ABOUT THIS EXERCISE => Nothing but an exact repeat of the data, with pictures removed, belongs in the answer.

Entries taken from a collection:
┌──
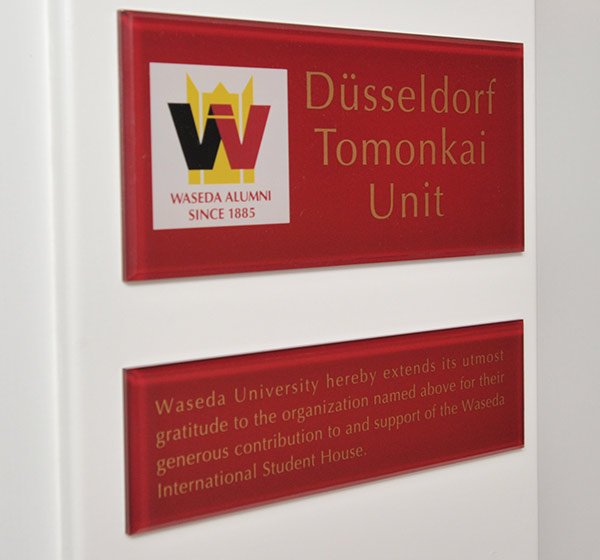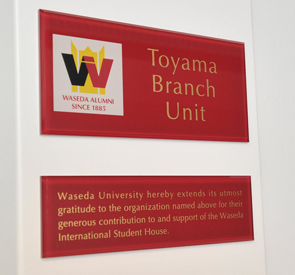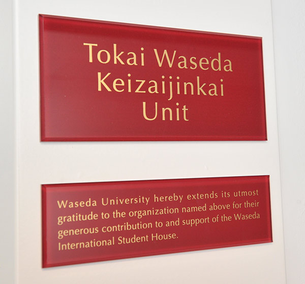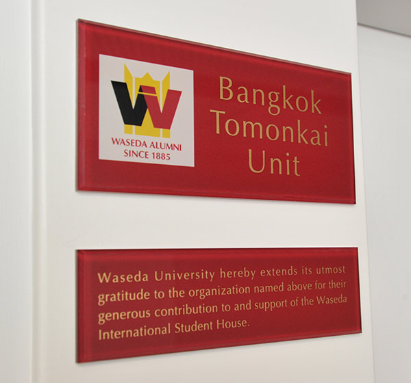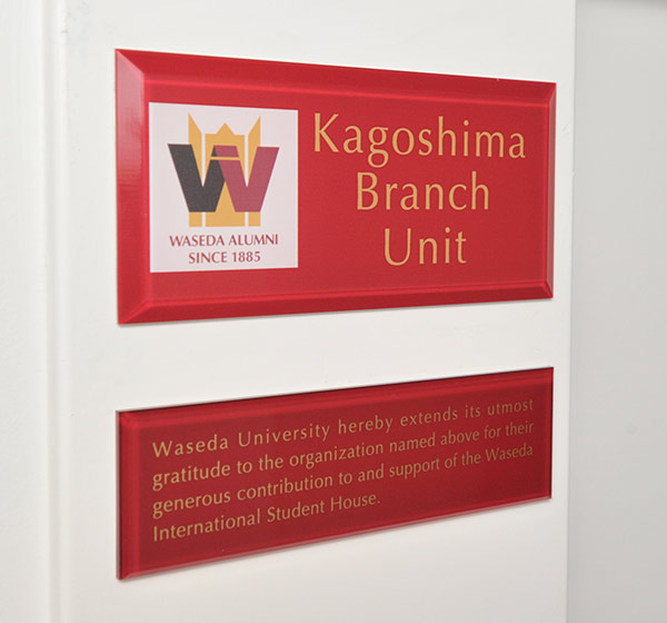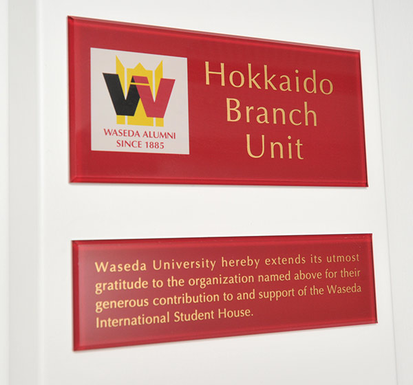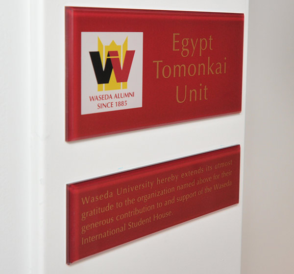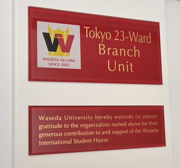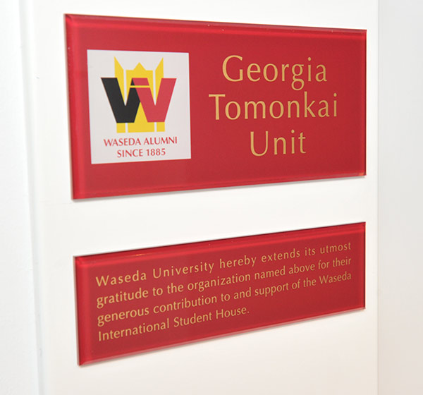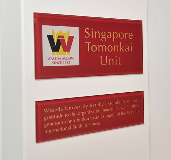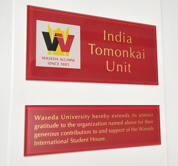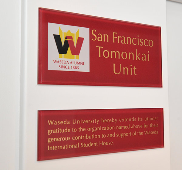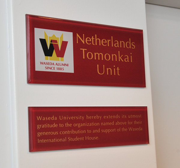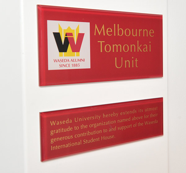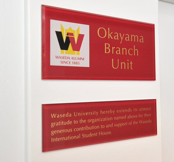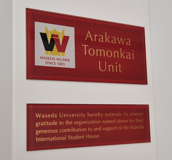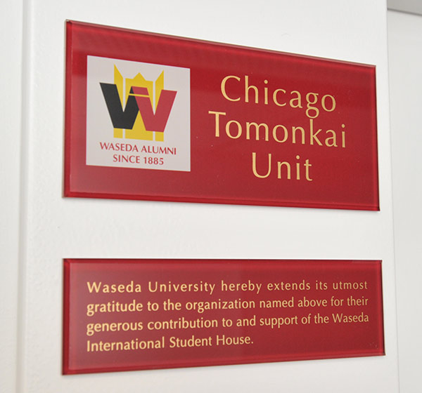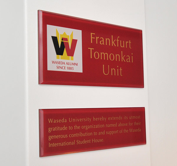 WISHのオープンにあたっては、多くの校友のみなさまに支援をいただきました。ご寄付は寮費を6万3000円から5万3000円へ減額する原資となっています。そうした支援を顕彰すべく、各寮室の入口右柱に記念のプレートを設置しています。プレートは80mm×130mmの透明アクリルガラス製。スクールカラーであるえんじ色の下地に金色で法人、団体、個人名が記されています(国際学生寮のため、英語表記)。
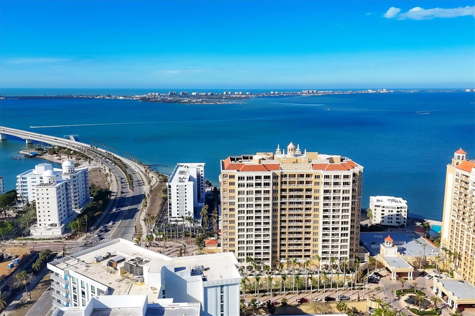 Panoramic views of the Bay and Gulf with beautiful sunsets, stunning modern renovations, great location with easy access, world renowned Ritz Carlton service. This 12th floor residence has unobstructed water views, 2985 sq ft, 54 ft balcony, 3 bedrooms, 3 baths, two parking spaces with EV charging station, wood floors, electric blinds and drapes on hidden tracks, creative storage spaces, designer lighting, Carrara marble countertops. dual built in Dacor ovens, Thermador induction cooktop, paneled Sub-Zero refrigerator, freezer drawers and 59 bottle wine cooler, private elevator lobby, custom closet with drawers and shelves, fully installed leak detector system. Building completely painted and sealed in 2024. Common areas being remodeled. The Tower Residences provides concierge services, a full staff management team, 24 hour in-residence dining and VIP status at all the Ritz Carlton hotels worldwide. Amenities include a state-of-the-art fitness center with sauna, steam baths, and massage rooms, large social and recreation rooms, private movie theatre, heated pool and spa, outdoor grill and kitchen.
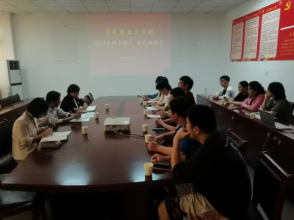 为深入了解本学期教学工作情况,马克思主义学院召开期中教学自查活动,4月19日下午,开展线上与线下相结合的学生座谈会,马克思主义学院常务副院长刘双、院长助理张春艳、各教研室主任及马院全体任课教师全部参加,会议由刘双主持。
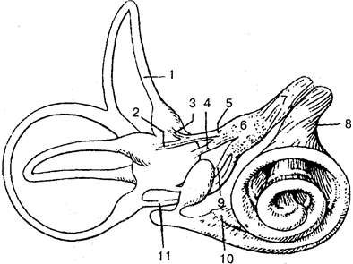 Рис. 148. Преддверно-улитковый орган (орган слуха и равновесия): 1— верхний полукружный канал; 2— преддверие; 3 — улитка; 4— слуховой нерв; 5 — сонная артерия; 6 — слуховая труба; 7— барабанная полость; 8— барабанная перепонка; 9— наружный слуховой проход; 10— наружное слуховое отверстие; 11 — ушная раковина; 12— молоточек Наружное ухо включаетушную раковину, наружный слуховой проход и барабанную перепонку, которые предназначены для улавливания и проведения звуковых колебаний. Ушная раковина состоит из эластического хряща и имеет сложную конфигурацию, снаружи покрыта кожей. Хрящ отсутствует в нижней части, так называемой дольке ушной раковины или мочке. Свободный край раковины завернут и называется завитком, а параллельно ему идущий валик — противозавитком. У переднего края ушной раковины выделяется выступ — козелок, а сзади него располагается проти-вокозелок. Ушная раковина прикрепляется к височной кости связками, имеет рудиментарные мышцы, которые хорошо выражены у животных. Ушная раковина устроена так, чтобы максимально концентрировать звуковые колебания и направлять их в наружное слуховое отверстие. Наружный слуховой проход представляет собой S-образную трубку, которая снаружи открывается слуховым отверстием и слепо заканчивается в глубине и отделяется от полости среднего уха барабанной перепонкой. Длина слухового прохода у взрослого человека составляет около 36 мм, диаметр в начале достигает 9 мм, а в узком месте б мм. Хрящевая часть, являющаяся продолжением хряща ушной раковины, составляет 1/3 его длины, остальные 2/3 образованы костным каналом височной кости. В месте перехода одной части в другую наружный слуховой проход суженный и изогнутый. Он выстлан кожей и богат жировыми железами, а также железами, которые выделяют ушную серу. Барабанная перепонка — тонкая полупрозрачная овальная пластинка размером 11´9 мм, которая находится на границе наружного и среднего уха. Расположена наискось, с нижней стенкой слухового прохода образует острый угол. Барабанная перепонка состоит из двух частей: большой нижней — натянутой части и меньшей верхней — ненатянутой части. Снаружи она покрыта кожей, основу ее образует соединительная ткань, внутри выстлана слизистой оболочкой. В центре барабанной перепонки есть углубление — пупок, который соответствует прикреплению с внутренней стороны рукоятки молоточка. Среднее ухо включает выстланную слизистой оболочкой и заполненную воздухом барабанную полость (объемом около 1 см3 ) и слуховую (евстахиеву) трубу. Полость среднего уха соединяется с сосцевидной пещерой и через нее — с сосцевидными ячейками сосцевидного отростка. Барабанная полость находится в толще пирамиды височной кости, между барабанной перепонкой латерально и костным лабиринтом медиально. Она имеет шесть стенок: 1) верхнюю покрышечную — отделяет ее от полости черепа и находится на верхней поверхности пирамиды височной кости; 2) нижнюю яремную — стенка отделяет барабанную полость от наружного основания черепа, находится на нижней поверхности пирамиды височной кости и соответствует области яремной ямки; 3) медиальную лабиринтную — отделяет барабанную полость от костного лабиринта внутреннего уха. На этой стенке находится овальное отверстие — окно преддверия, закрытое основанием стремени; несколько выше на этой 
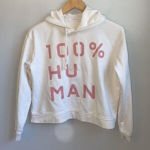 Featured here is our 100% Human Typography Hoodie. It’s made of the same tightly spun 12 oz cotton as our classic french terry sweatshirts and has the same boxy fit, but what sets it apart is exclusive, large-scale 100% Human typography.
└──
TASK OUTPUT =>
 WISHのオープンにあたっては、多くの校友のみなさまに支援をいただきました。ご寄付は寮費を6万3000円から5万3000円へ減額する原資となっています。そうした支援を顕彰すべく、各寮室の入口右柱に記念のプレートを設置しています。プレートは80mm×130mmの透明アクリルガラス製。スクールカラーであるえんじ色の下地に金色で法人、団体、個人名が記されています(国際学生寮のため、英語表記)。
 Panoramic views of the Bay and Gulf with beautiful sunsets, stunning modern renovations, great location with easy access, world renowned Ritz Carlton service. This 12th floor residence has unobstructed water views, 2985 sq ft, 54 ft balcony, 3 bedrooms, 3 baths, two parking spaces with EV charging station, wood floors, electric blinds and drapes on hidden tracks, creative storage spaces, designer lighting, Carrara marble countertops. dual built in Dacor ovens, Thermador induction cooktop, paneled Sub-Zero refrigerator, freezer drawers and 59 bottle wine cooler, private elevator lobby, custom closet with drawers and shelves, fully installed leak detector system. Building completely painted and sealed in 2024. Common areas being remodeled. The Tower Residences provides concierge services, a full staff management team, 24 hour in-residence dining and VIP status at all the Ritz Carlton hotels worldwide. Amenities include a state-of-the-art fitness center with sauna, steam baths, and massage rooms, large social and recreation rooms, private movie theatre, heated pool and spa, outdoor grill and kitchen.
 为深入了解本学期教学工作情况,马克思主义学院召开期中教学自查活动,4月19日下午,开展线上与线下相结合的学生座谈会,马克思主义学院常务副院长刘双、院长助理张春艳、各教研室主任及马院全体任课教师全部参加,会议由刘双主持。
 Рис. 148. Преддверно-улитковый орган (орган слуха и равновесия): 1— верхний полукружный канал; 2— преддверие; 3 — улитка; 4— слуховой нерв; 5 — сонная артерия; 6 — слуховая труба; 7— барабанная полость; 8— барабанная перепонка; 9— наружный слуховой проход; 10— наружное слуховое отверстие; 11 — ушная раковина; 12— молоточек Наружное ухо включаетушную раковину, наружный слуховой проход и барабанную перепонку, которые предназначены для улавливания и проведения звуковых колебаний. Ушная раковина состоит из эластического хряща и имеет сложную конфигурацию, снаружи покрыта кожей. Хрящ отсутствует в нижней части, так называемой дольке ушной раковины или мочке. Свободный край раковины завернут и называется завитком, а параллельно ему идущий валик — противозавитком. У переднего края ушной раковины выделяется выступ — козелок, а сзади него располагается проти-вокозелок. Ушная раковина прикрепляется к височной кости связками, имеет рудиментарные мышцы, которые хорошо выражены у животных. Ушная раковина устроена так, чтобы максимально концентрировать звуковые колебания и направлять их в наружное слуховое отверстие. Наружный слуховой проход представляет собой S-образную трубку, которая снаружи открывается слуховым отверстием и слепо заканчивается в глубине и отделяется от полости среднего уха барабанной перепонкой. Длина слухового прохода у взрослого человека составляет около 36 мм, диаметр в начале достигает 9 мм, а в узком месте б мм. Хрящевая часть, являющаяся продолжением хряща ушной раковины, составляет 1/3 его длины, остальные 2/3 образованы костным каналом височной кости. В месте перехода одной части в другую наружный слуховой проход суженный и изогнутый. Он выстлан кожей и богат жировыми железами, а также железами, которые выделяют ушную серу. Барабанная перепонка — тонкая полупрозрачная овальная пластинка размером 11´9 мм, которая находится на границе наружного и среднего уха. Расположена наискось, с нижней стенкой слухового прохода образует острый угол. Барабанная перепонка состоит из двух частей: большой нижней — натянутой части и меньшей верхней — ненатянутой части. Снаружи она покрыта кожей, основу ее образует соединительная ткань, внутри выстлана слизистой оболочкой. В центре барабанной перепонки есть углубление — пупок, который соответствует прикреплению с внутренней стороны рукоятки молоточка. Среднее ухо включает выстланную слизистой оболочкой и заполненную воздухом барабанную полость (объемом около 1 см3 ) и слуховую (евстахиеву) трубу. Полость среднего уха соединяется с сосцевидной пещерой и через нее — с сосцевидными ячейками сосцевидного отростка. Барабанная полость находится в толще пирамиды височной кости, между барабанной перепонкой латерально и костным лабиринтом медиально. Она имеет шесть стенок: 1) верхнюю покрышечную — отделяет ее от полости черепа и находится на верхней поверхности пирамиды височной кости; 2) нижнюю яремную — стенка отделяет барабанную полость от наружного основания черепа, находится на нижней поверхности пирамиды височной кости и соответствует области яремной ямки; 3) медиальную лабиринтную — отделяет барабанную полость от костного лабиринта внутреннего уха. На этой стенке находится овальное отверстие — окно преддверия, закрытое основанием стремени; несколько выше на этой 
 Featured here is our 100% Human Typography Hoodie. It’s made of the same tightly spun 12 oz cotton as our classic french terry sweatshirts and has the same boxy fit, but what sets it apart is exclusive, large-scale 100% Human typography.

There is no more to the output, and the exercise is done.